# Common Students that Martial Arts Instructors See



## Bob Hubbard (Oct 25, 2001)

This section taken from a hilarious thread in rec.martial-arts.moderated. You will note some of the student descriptions are similar----I found it funny that I recognized every single one of the "students"---and so I didn't want to drop any of the variations. 

Question Lad (aka. What-If?): This guy will bring up every possible permutation for every drill that is being worked. Solution: Make him uki. 

Captain Slacker: Dogs the drills and sucks away the stunning dynamic experience that occurs during every class. ;-) Solution: Make him uki. 

The Interpreter: Seems to believe that explanations must be altered to so that the masses can understand them. Even when the masses are already doing the drill. Solution: Make him uki. 

The Whacker. Selflessly and altruistically strives to make each partner drill ultra-"realistic", for his partner's learning benefit. Leaves a wake of bruises, black eyes, and sprains behind him until he tries it on the wrong person. Solution: trade partners frequently, the right one will come along soon. 

The Silver Spoon. Has a unique blind spot that prevents him from seeing anything that needs doing around the dojo. This blind spot is so wide that he can't see an entire dojo floor full of other students with rags cleaning up. Solution: hand him a rag. Or make him uke. Gis make great cleaning rags, with or without a person in them. 

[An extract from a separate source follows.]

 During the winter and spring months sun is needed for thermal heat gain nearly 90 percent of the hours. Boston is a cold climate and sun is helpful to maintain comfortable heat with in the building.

The Assistant Insructor. Possessed of a truly amazing learning curve, this specimen has absorbed enough knowledge in six months' study to be able to offer a flawless critique of others' practice. Undeterred by the presence of actual knowledge and experience. Solution: have him do heian shodan. As my sensei told me, "Nobody knows more about karate than a green belt. If you don't believe it, just ask him" 

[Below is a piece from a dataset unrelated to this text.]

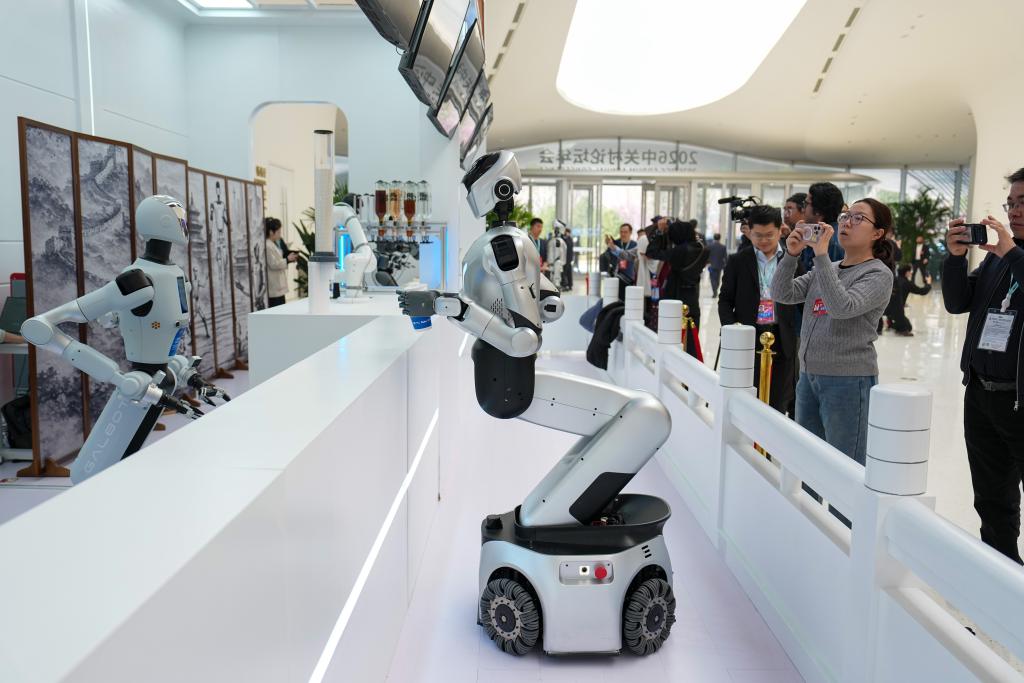 嘉宾在参观机器人餐吧。新华社记者鞠焕宗 摄

The Vince Lombardi Wannabe: Believes only that a good offense is the best defense. Constantly attacks training partners at full speed to demonstrate this philosophy, leaving confused and disgruntled students in his wake. Solution: He/she feeds the instructor next time. 

The Whiner. Common source of "but that huuuuurts!" "I think I need to sit out for a moment," and "that's too hard!" during simple basic partner drills, including all light sparring. Solution: Take two Tylenol and put them back in. They'll either gain a little intestinal fortitude or they'll quit. (Note: the Tylenol is for YOU, not them.) (Note 2: I'm not talking real injury here----I mean the whimpering little whining that happens when someone gets an arm bar put on, so that the pressure on the arm "hurts my arm muscle." Things like that. People who simply canNOT get through an entire class without at least 2 brief class pauses while the instructor checks if the person is really hurt, or just whining yet _again_.) (And yes, I've got one of these. Arg.) 

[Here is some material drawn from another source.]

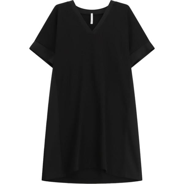 Vestito corto da donna in nero pece collo a v corto a maniche corte

The Toughman. Can take ANY technique, and "tough it out" according to him (it is almost always a him) Pressure points don't work (according to him), locks are something he can handle (according to him), and getting thrown/landed on/smashed/crushed/mangled is something where he can "take the pain, suck it up, and shrug it off." No matter what. Solution: make him uki MORE. 

The Cross-trainer. "White belt, you need to adjust your stance this way." "But sir, this is the way we did it in the last tkd/karate/aikido/judo/whatever class I was in. And I've noted you don't do [such and such] technique 'correctly' ---in my last class, the teacher said it was stupid to do it the way you do." Teacher: "Arg. Can I simply kill you now?" Solution: Manage to not show Little Grasshopper why you "do it that way," and simple explain that different classes do it different ways----and in THIS class, we do it MY way. 

The Primal Male. Women simply canNOT do techniques that would be effective against this man because, after all, they are women. Smaller, weaker, etc... Solution: Have the smallest high ranking female in class use The Primal Male as demonstration person for joint locks and throws. In front of the new students. (This person is common in many college programs, BTW.) 

The Mouth. Has the amazing ability to continue talking while you are standing in front of him stating that he should shut up. (If you're lucky, this only occurs in children's classes.) Solution: His partner gets 10 pushups everytime he opens his mouth.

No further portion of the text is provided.